Forcing potential students to jump through hoops that have absolutely nothing to do with their ongoing career is cruel and self-defeating. It is stressful to the student, who has to guess what the admissions office is looking for. It is useless to the university, who will receive thousands of variants of “I really want to do this course”. And they are deciding places based on this? Why not use a dartboard instead? That would be just as useful, not to mention time-saving.
As I stated at Loose Wire, common sense tells you that if you have something valuable, and you choose who to give it to by assessing “personal statements”, what you are going to get is spin and more spin.
The fact that universities, who ought to be run by the brightest minds in the country, have put in place such a flawed, idiotic admissions system is just depressing.
Markk, you make a strong point. Why indeed? But having been away from the university scene for awhile, is this part of the application really count for that much? (I’m asking here.)
But on the other hand, I think requiring a personal statement does reflect the “real world” (as opposed to the academic world).
For instance, when I’m interested in an applicant, I would like to know something about that person that wouldn’t necessarily show up in the resume, statistics, grades, or whatever is put on the page in front of me. I want to know how that person will fit into my team. Seems to me this might be a legitimate requirement, and we accomplish that with a personal interview. That’s not very practical when thousands are applying for a university berth.
Besides, you still didn’t address the point of my post - the lack of initiative on the part of the students. As for me, it says volumes - and you won’t find that on any grades or scores report.
It might depend on what country you’re in, but last time I applied for university, I was not asked for a personal statement.
Lack of initiative? I thought the issue was dishonesty - something I would hardly condone, but let’s face it - true trivia is hardly more useful for university admissions than false trivia. To show initiative, a student ought to refuse to participate in the personal statement charade at all! That would show real guts.
The personal statement is a poor cousin to the interview for a number of reasons, but interviews can also mislead; in my experience, employers put the most weight on phone calls to referees.
The “real world” component is far better handled by teaching students how to present themselves in an interview before they finish their course.
I think the personal statement might have been required because this was medical school. I know I never did one at my engineering school.
Lack of initiative is what, in this case, led to dishonesty. And why NOT go ahead and do it? Sometimes we just have to do things, whether we like them or not.
In my experience, like it or not, personal interviews serve one main purpose - whether or not you “fit” their concept of what they want. Not necesarily fair, but there it is.

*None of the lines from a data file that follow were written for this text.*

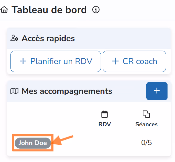 Depuis mon tableau de bord, je clique sur le nom de l'accompagnement que je viens d'ajouter.
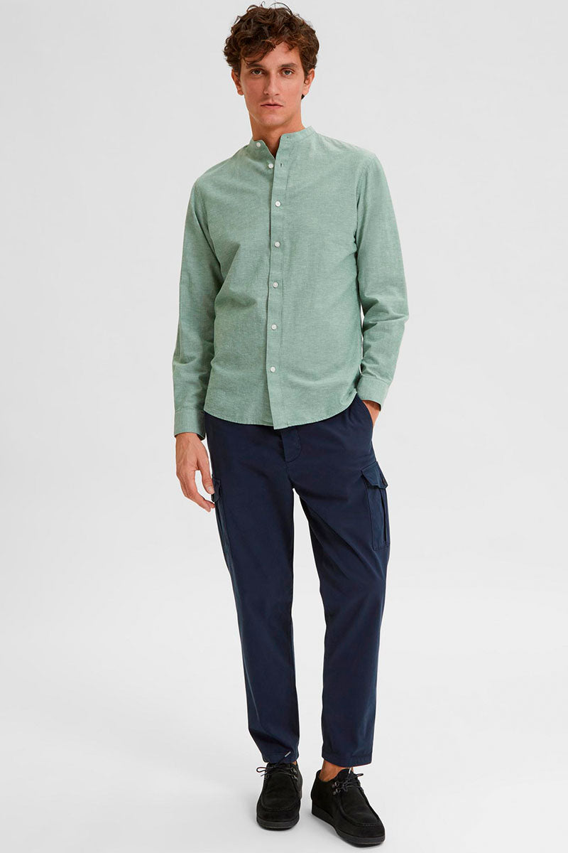 SLHSLIMNEW-LINEN SHIRT LS BAND W Desert Sage
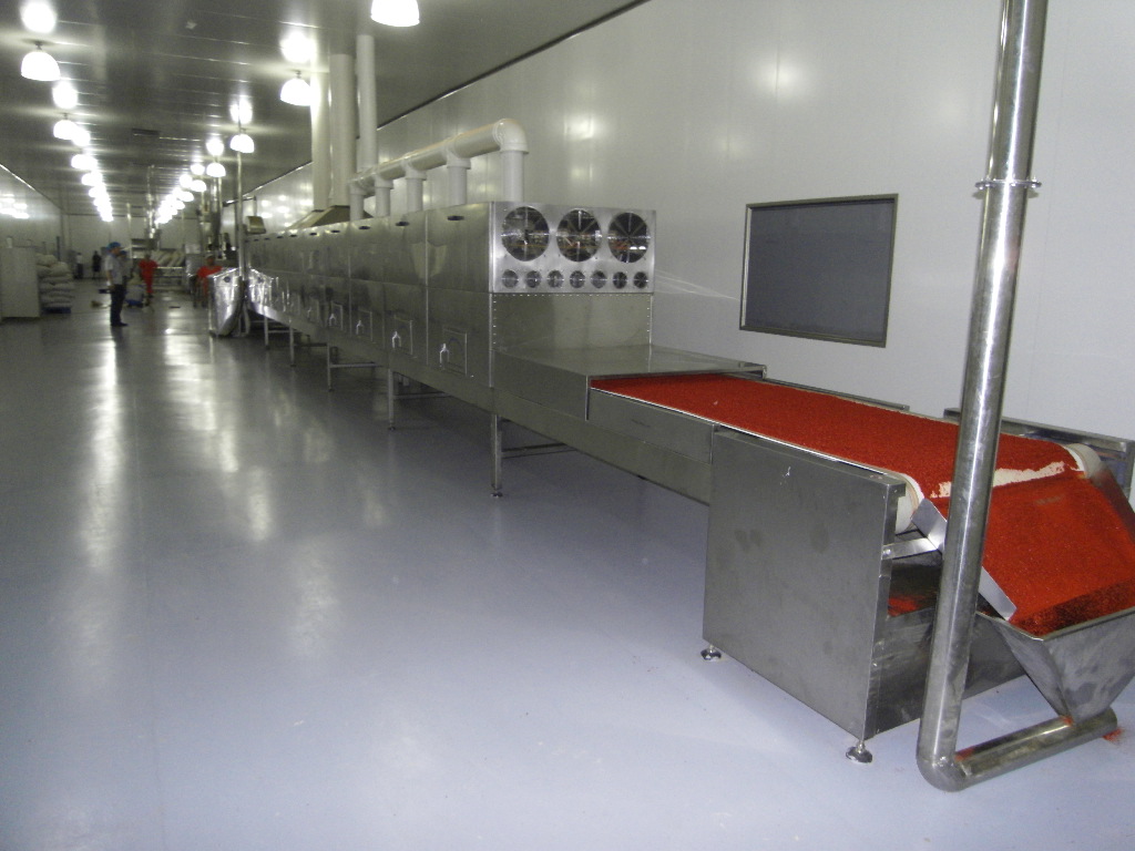 辣椒粉微波干燥殺菌機殺菌后,辣椒中大腸桿菌可控制在每30個/100克以內(nèi)。用微波處理的辣椒中的細菌指數(shù)可完全達到食品衛(wèi)生標準。并且能保證原有色,香,味;破壞營養(yǎng)成分很少,產(chǎn)品口感好。
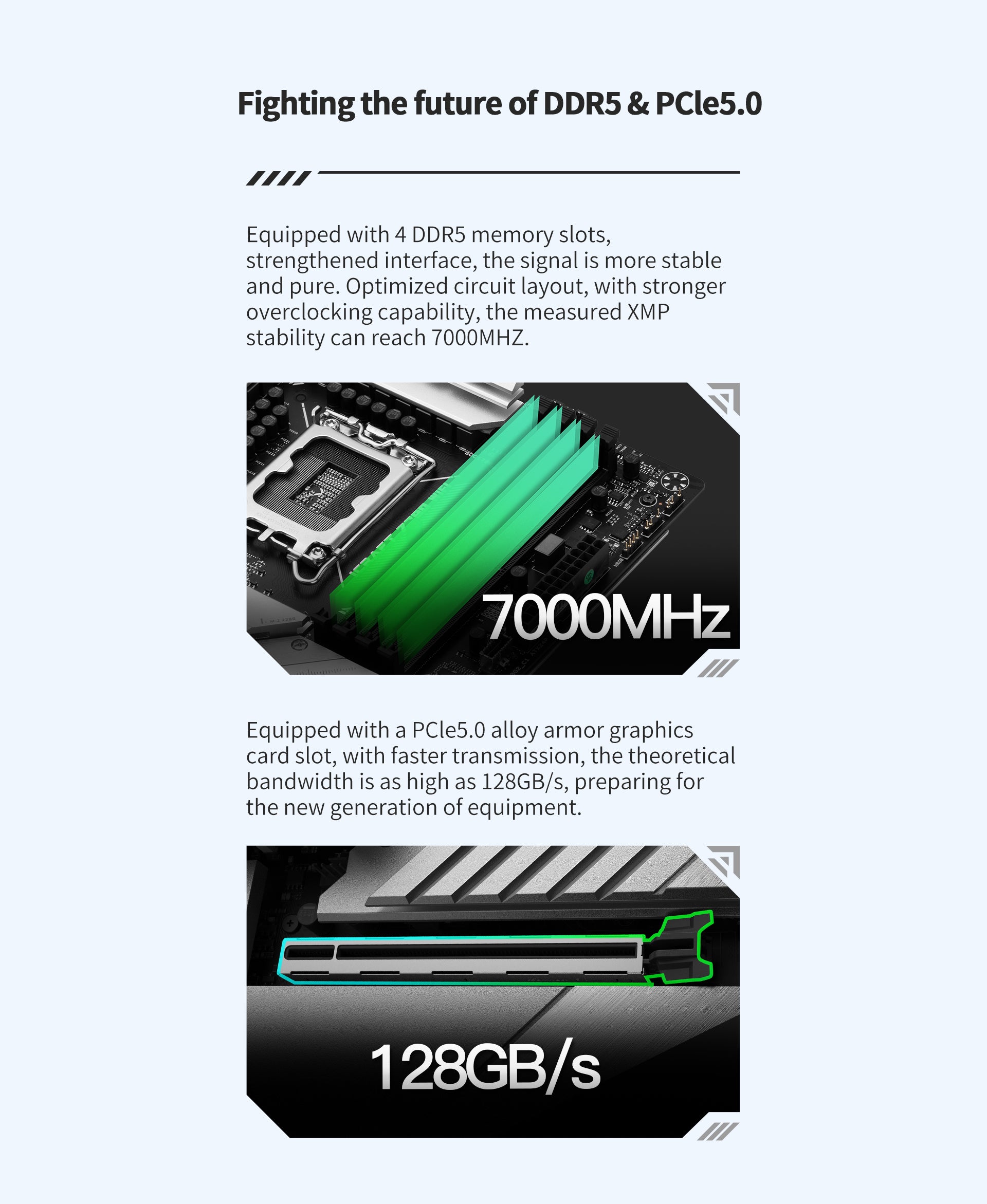 Memory Support DDR5 7000+(OC)/ 6800(OC)/ 6600(OC)/ 6400(OC)/ 6200(OC)/ 6000(OC)/ 5800(OC)/ 5600(JEDEC)/ 5400(JEDEC)/ 5200(JEDEC)/ 5000(JEDEC)/ 4800(JEDEC) MHz

And by the way, just because supposedly bright people run the universities (and there would probably be considerable dispute on that point from various quarters) doesn’t prevent them from doing possibly very stupid things.

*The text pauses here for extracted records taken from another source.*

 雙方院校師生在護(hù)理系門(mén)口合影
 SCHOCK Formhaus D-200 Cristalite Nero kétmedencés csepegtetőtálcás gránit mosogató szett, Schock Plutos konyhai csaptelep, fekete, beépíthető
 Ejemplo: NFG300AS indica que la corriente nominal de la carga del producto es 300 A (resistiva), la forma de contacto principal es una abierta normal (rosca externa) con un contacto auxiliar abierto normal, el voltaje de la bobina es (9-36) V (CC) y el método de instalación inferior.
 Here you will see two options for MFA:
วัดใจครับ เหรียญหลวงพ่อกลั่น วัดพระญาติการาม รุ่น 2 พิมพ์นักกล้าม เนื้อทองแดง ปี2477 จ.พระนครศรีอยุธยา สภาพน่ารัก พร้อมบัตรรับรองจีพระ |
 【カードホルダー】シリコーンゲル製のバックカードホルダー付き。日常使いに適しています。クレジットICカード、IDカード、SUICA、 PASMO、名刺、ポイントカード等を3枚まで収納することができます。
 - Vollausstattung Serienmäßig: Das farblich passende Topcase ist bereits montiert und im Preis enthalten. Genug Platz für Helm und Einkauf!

On personal interviews: Pretty much. Employers have to know whether you will fit with the organisational culture that is already there. Which is fair enough, if frustrating for some applicants.
Now if I was to generalise, I would say that resumes are normally used to assess the “tech specs”, interviews are to assess personality and organisational fit, and calls to referees are to verify details, and to assess character and work ethic. In my experience, anyway.
I haven’t been an employer myself. Would you say that is accurate?
Markk, you’ve generalized it well. ‘Course, that’s how it should work… in Bizarroland! Naturally the real world can be wildly different. Any of the above can be used to screen you out, rather than check your qualifications, etc. (Real world again. Frustrating? You bet!)
But I think you’ve captured at least the spirit of each of them well.